— Your task —
Where a picture appears, leave it out; copy everything else in the records exactly.
--- START ---
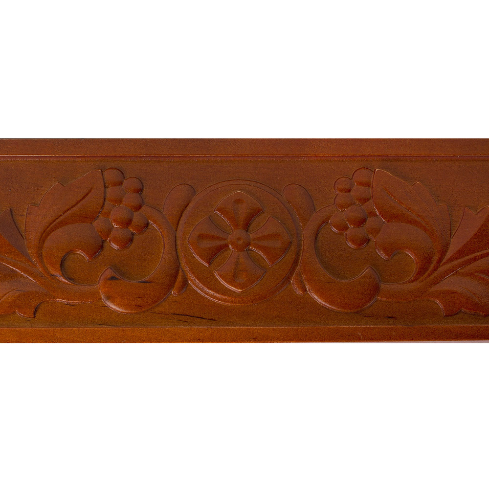 Полка деревянная для домашнего иконостаса прямая с изображением Креста в круглом орнаменте.
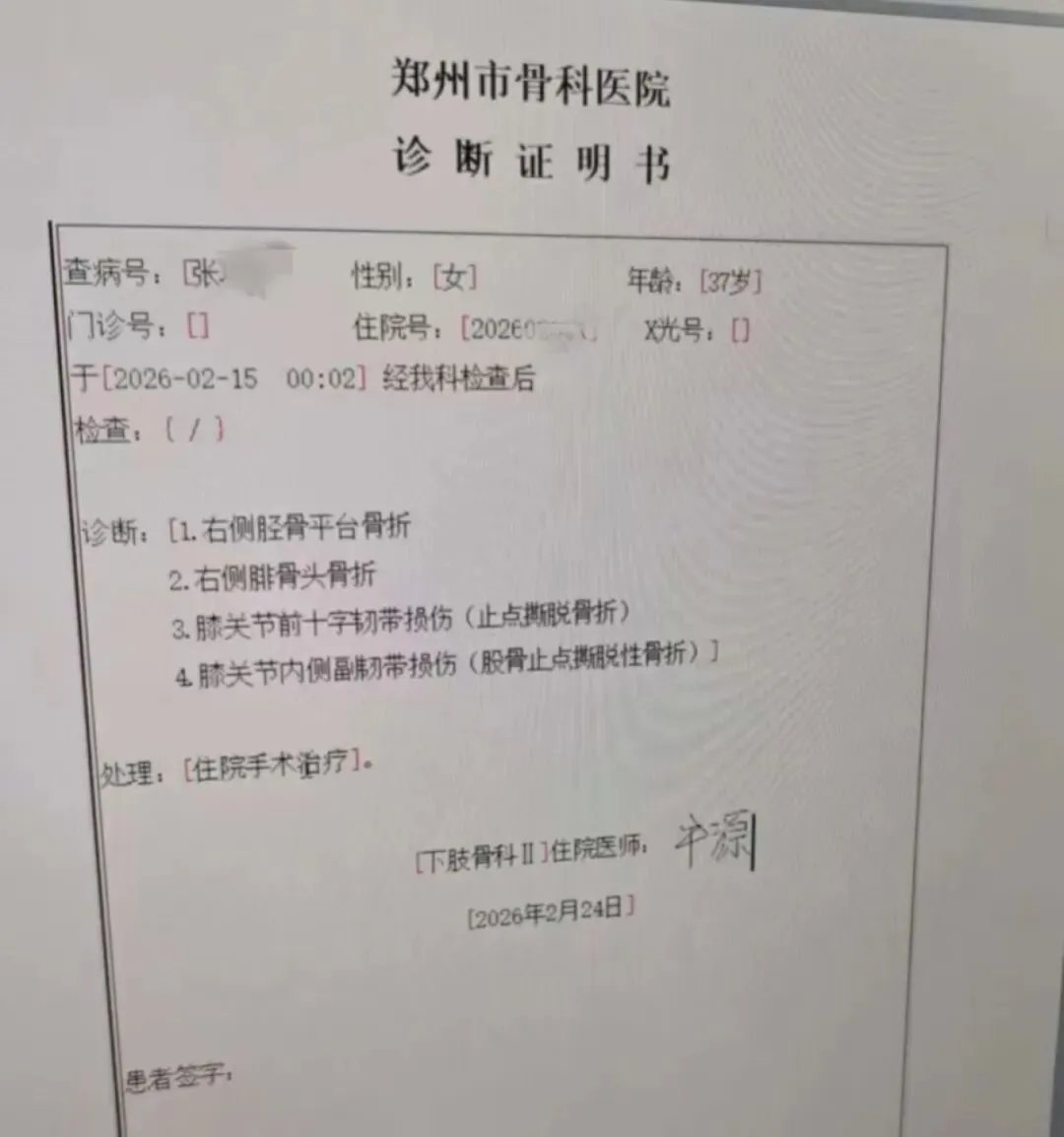 2月28日下午,记者联系到受伤的张女士时,她仍在郑州市骨科医院接受住院治疗。
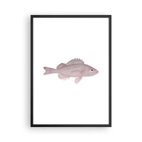 Affiche dans un cadre noir - Poster - Dessin de poisson de style vintage sur fond clair - 50x70cm - Un habitant des eaux exotiques - Décoration murale moderne pour le salon et la chambre ARTTOR
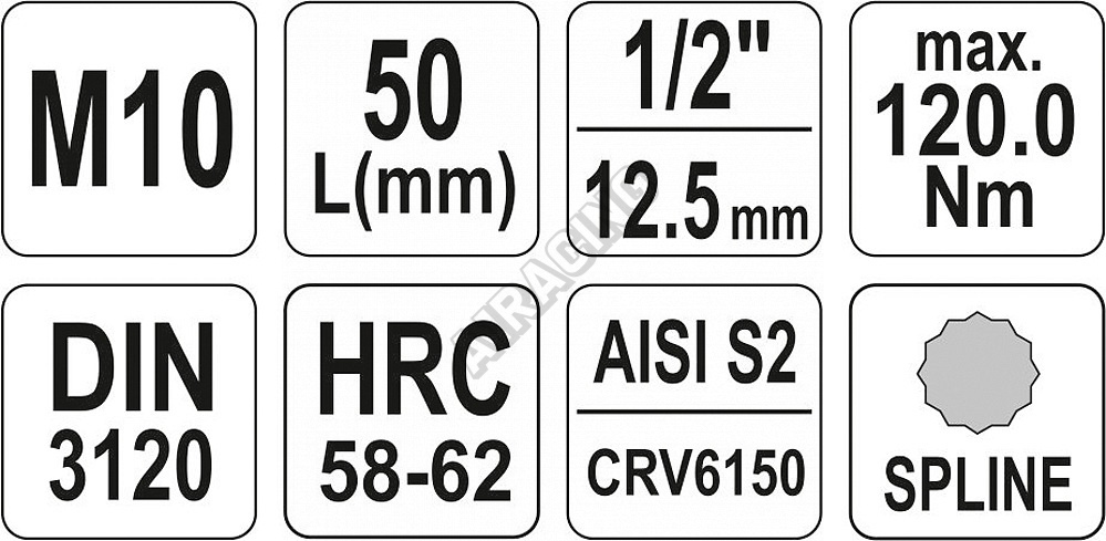 Profesionální šestihranný bit Vícezubý (SPLINE) pro 1/2" ráčnu.
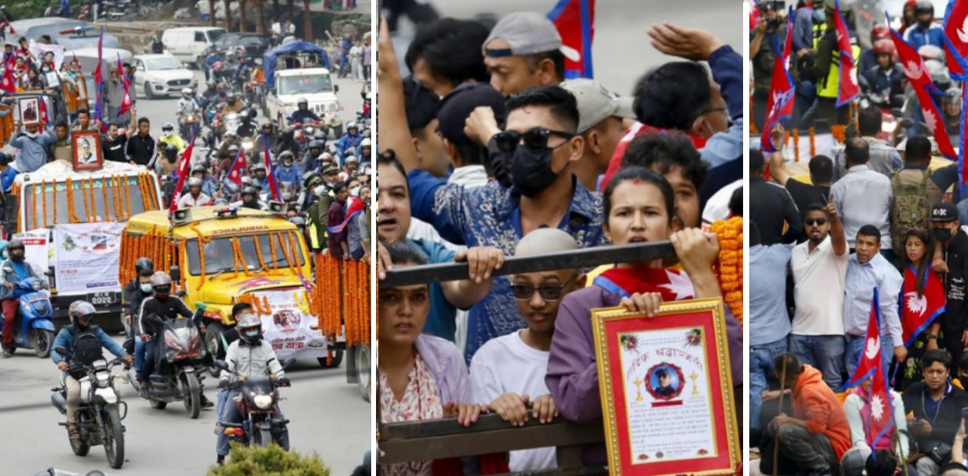 त्रिवि शिक्षण अस्पतालबाट सुरु भएको शवयात्रा चक्रपथ हुँदै पशुपति आर्यघाटतर्फ अग्रसर छ। मृतकका परिवार, आफन्तजन तथा सयौं सर्वसाधारणले शवयात्रामा सहभागी भई तस्बिर, राष्ट्रिय झण्डा र विरोधका सन्देशसहित श्रद्धाञ्जली व्यक्त गरिरहेका छन्।
--- END ---
— Expected answer —
 Полка деревянная для домашнего иконостаса прямая с изображением Креста в круглом орнаменте.
 2月28日下午,记者联系到受伤的张女士时,她仍在郑州市骨科医院接受住院治疗。
 Affiche dans un cadre noir - Poster - Dessin de poisson de style vintage sur fond clair - 50x70cm - Un habitant des eaux exotiques - Décoration murale moderne pour le salon et la chambre ARTTOR
 Profesionální šestihranný bit Vícezubý (SPLINE) pro 1/2" ráčnu.
 त्रिवि शिक्षण अस्पतालबाट सुरु भएको शवयात्रा चक्रपथ हुँदै पशुपति आर्यघाटतर्फ अग्रसर छ। मृतकका परिवार, आफन्तजन तथा सयौं सर्वसाधारणले शवयात्रामा सहभागी भई तस्बिर, राष्ट्रिय झण्डा र विरोधका सन्देशसहित श्रद्धाञ्जली व्यक्त गरिरहेका छन्।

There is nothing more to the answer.